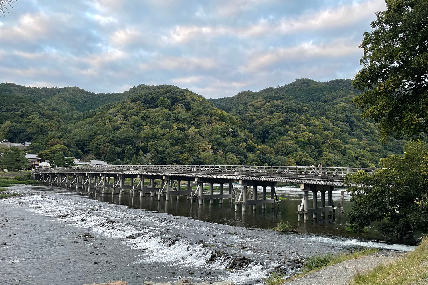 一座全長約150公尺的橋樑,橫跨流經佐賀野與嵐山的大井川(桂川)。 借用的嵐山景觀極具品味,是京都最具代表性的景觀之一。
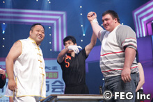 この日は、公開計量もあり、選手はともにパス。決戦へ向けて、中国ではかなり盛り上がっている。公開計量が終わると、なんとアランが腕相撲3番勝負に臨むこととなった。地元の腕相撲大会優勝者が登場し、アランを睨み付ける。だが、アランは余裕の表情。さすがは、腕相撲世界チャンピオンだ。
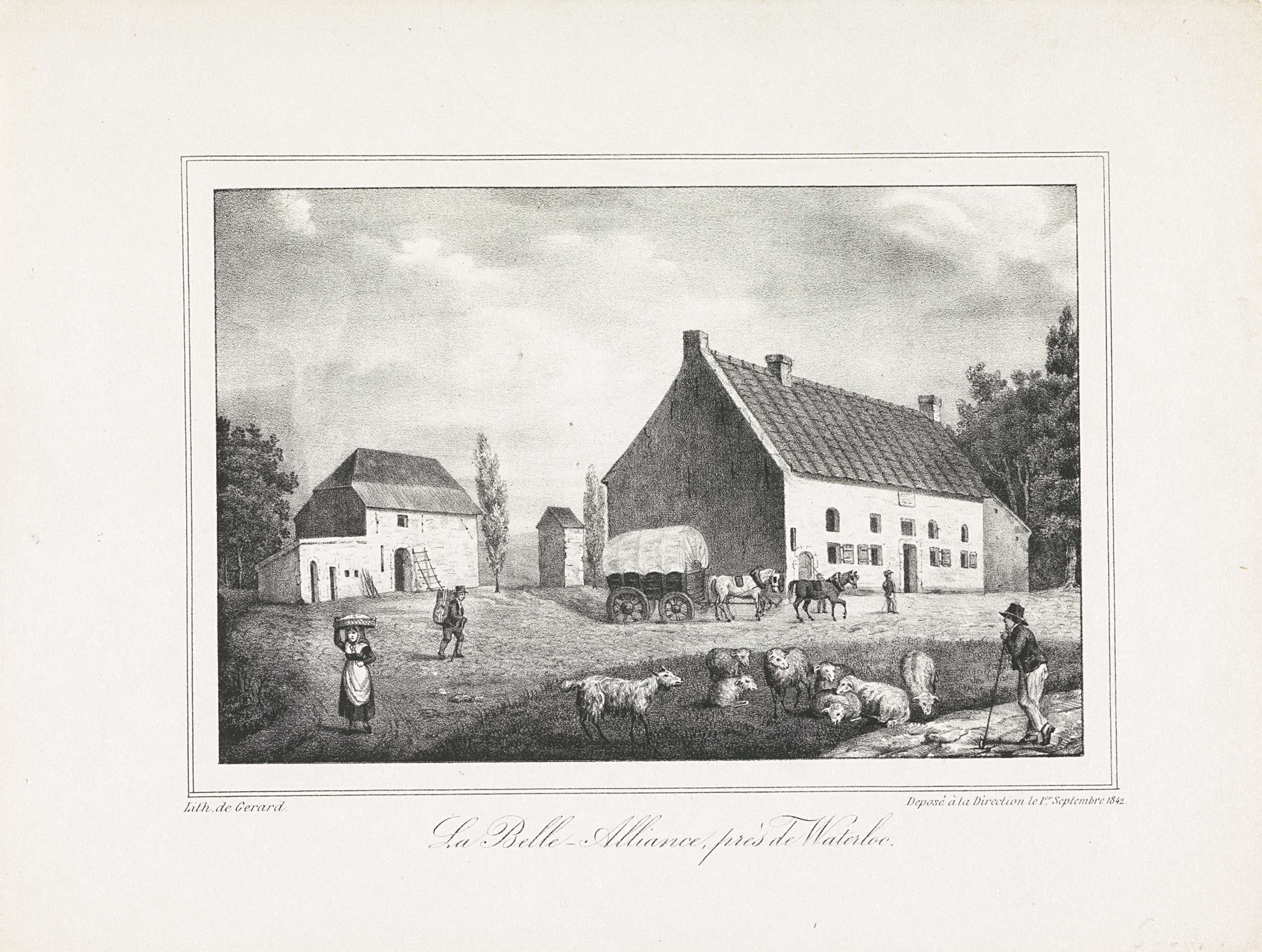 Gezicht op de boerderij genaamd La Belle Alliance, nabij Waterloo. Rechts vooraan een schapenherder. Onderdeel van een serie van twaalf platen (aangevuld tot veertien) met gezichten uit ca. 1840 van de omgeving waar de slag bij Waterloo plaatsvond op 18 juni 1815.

• [Exercise] Where the line containing "この日は、公開計量もあり、選" appears, begin writing out the lines exactly, and continue through the end of the material above, omitting pictures.

• [Response]
 この日は、公開計量もあり、選手はともにパス。決戦へ向けて、中国ではかなり盛り上がっている。公開計量が終わると、なんとアランが腕相撲3番勝負に臨むこととなった。地元の腕相撲大会優勝者が登場し、アランを睨み付ける。だが、アランは余裕の表情。さすがは、腕相撲世界チャンピオンだ。
 Gezicht op de boerderij genaamd La Belle Alliance, nabij Waterloo. Rechts vooraan een schapenherder. Onderdeel van een serie van twaalf platen (aangevuld tot veertien) met gezichten uit ca. 1840 van de omgeving waar de slag bij Waterloo plaatsvond op 18 juni 1815.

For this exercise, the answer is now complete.